Sorry I did not express myself well then. We are talking now about the exception is raised, when passing empty arrays as an index to the Trajectory class, and my issue with that exception that I mentioned. The topic was opened about the fact that boolean index arraylike do work as indices in Trajectory but not in the TrajectoryIterator class. So two different issues basically, sorry.

hainm commented 4 years ago

ok. So I go ahead closing this case since the code is pushed. Please feel free to open another issue if you have further code example. Updating the code is easy, I just want to find out if it's worth the change.

pindakaas42 commented 4 years ago

So just that it is clear Trajectory will still take boolean arrays and TrajectoryIterator will not.

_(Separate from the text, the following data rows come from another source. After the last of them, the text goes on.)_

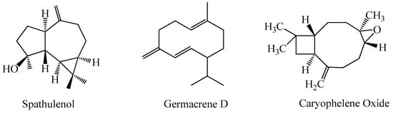 The EO analyses of A. pyrethrum collected from the Ben Slimane region showed the presence of 32 compounds representing about 92.67% of the total chemical composition. The oxidative sesquiterpenes constitute the abundant group of all identified compounds (58.96%), followed by hydrocarbon sesquiterpines (24.19%). The main compounds are: spathulenol (20.47%), germacrene-D (16.48%), caryophylleneoxide (13.20%), 4-(14)-salvial-1-one (8.27%), caryophyllene-4(14) and 8(15)-diene5α-ol (7.30%) (Figure 2) [7]. The study of A. pyrethrum from Timahdit, Morocco, revealed the presence of 42 compounds for the sample collected before flowering and 36 compounds for the sample collected after flowering. These compounds represent 91.32% and 91.82%, respectively, of the total of these essential oils. The oxygenated sesquiterpenes constitute the most abundant group among the identified compounds. Its rate ranges from 89.17% (before flowering) to 90.58% (after flowering), during the maturity stage [27]. Similarly, this group is the most abundant Algerian species, as demonstrated in [28]. In this study, the proportion of sesquiterpenes ranged between 37.1% and 58.6% before and after the flowering, respectively [28].
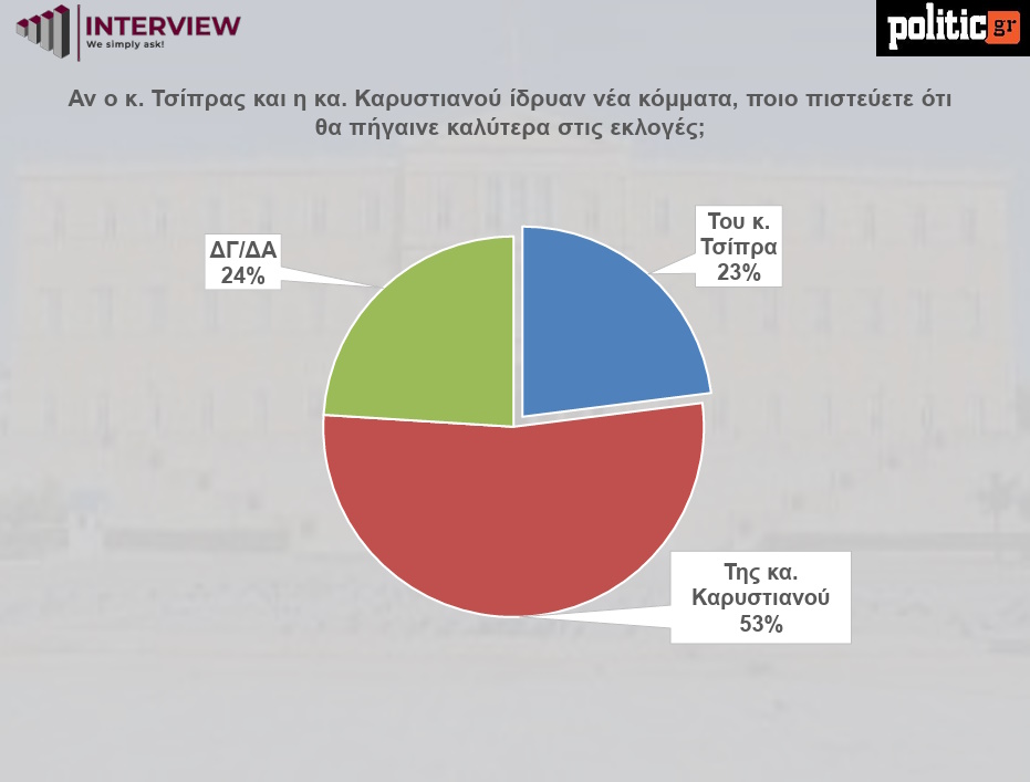 Οι πολίτες ερωτώνται ποιο νέο κόμμα πιστεύουν ότι θα πήγαινε καλύτερα στις εκλογές, σε περίπτωση που ιδρυόταν είτε από τον Αλέξη Τσίπρα είτε από τη Μαρία Καρυστιανού.
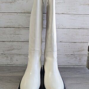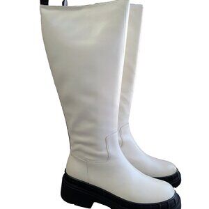 Lisa Vicky Womens Moody-V Leather Water Resistant Knee High Boots White Size 8
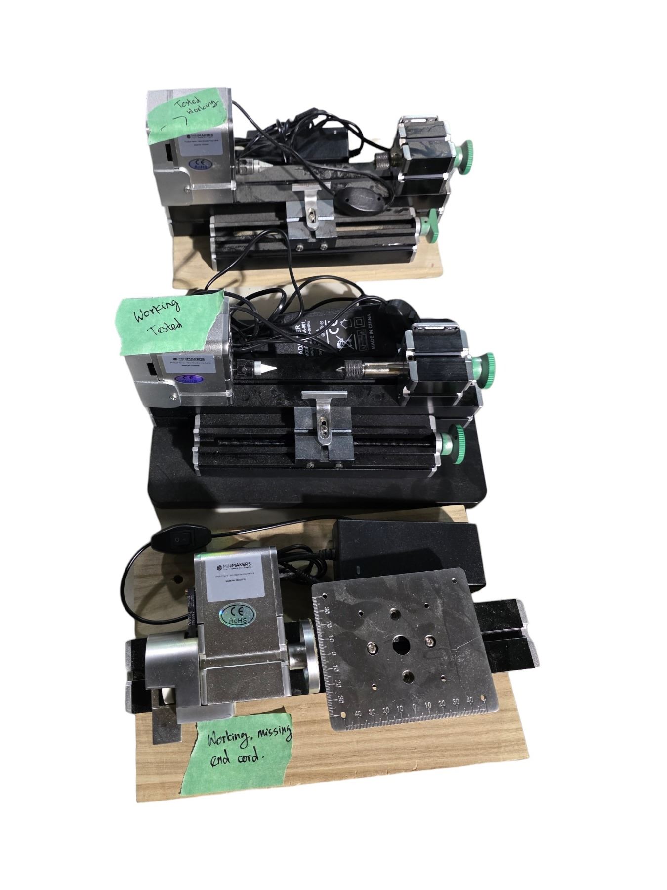 Group of 2 Mini Makers Mini Woodturning Lathe Machine & 1 Sanding Machine - Tested - Working Condition
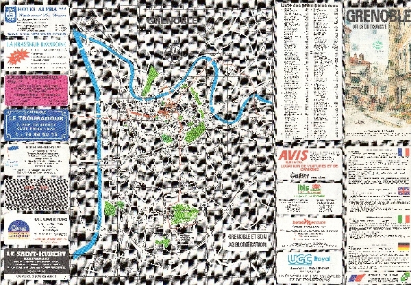 Plan Grenoble. Zaznaczone ulice i parki. Indeks ulic. Reklamy. Karta tytułowa.
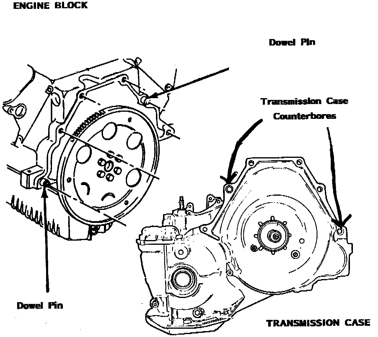5. Inspect the transmission case for deformation in both locating counterbores. Repair any deformation by lightly filing or scraping the counterbores to insure proper engagement of the engine block locating pins. The transmission counterbores are precision locating holes. Excessive metal removal will result in engine-transmission misalignment, and repeated flexplate cracking. If counterbore deformation is excessive and cannot be repaired, then installation of a different transmission case is necessary.
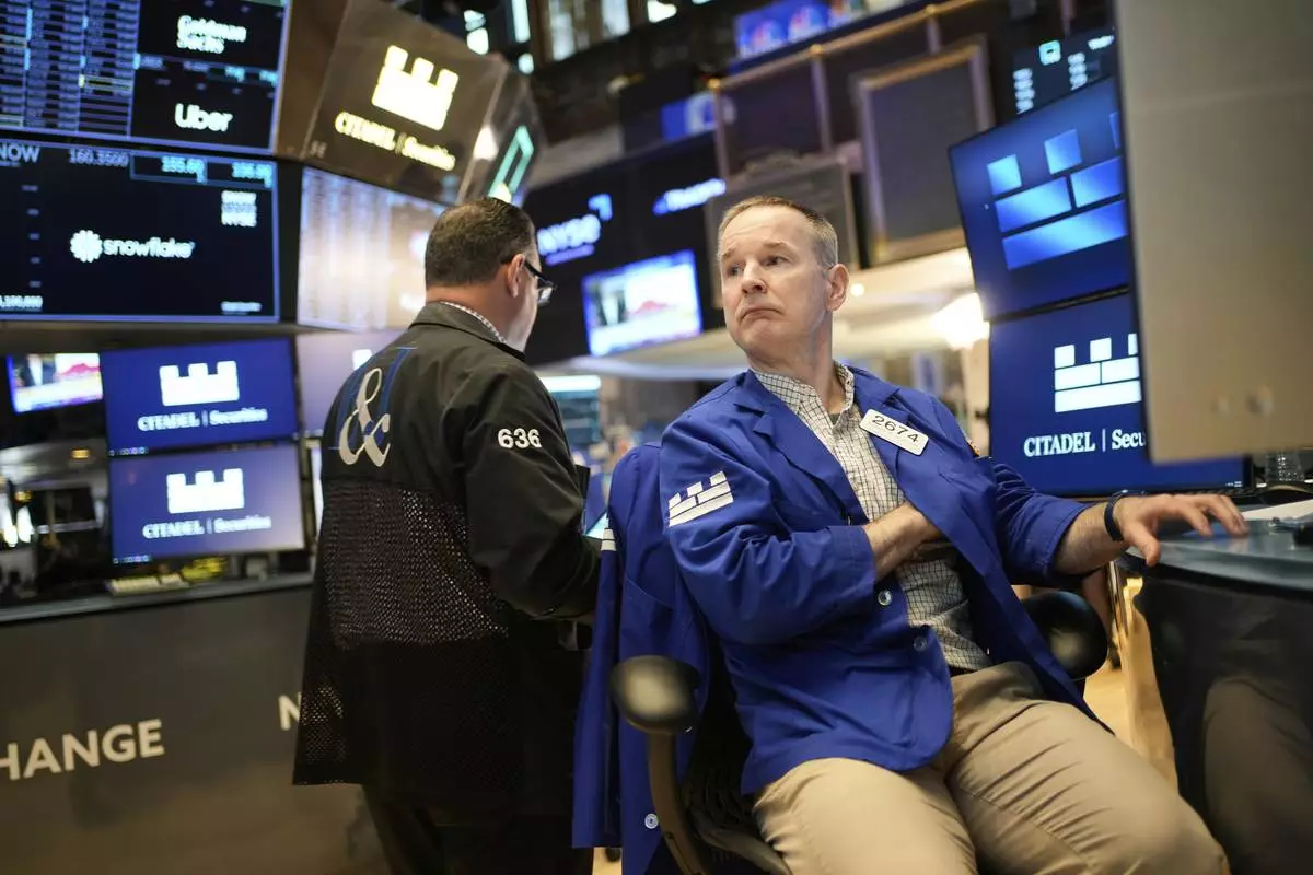Trader Peter Tuchman, foreground, works on the floor of the New York Stock Exchange, Tuesday, April 29, 2025. (AP Photo/Richard Drew)

Changing TrajectoryIterator to have the same interface as numpy arrays should not be hard but it would be some work. It's up to you, I just wanted to raise the issue.

hainm commented 4 years ago

Uhm, you are confusing me more. I already said the issue was fixed in master branch. TrajectoryIterator is now accepting boolean array.

hainm commented 4 years ago

Uhm, you are confusing me more. I already said the issue is fixed in master branch. TrajectoryIterator is now accepting boolean array.

It's here: https://github.com/Amber-MD/pytraj/issues/1512#issuecomment-698407587

pindakaas42 commented 4 years ago

Sorry for causing more confusion, thanks for taking my feedback into account.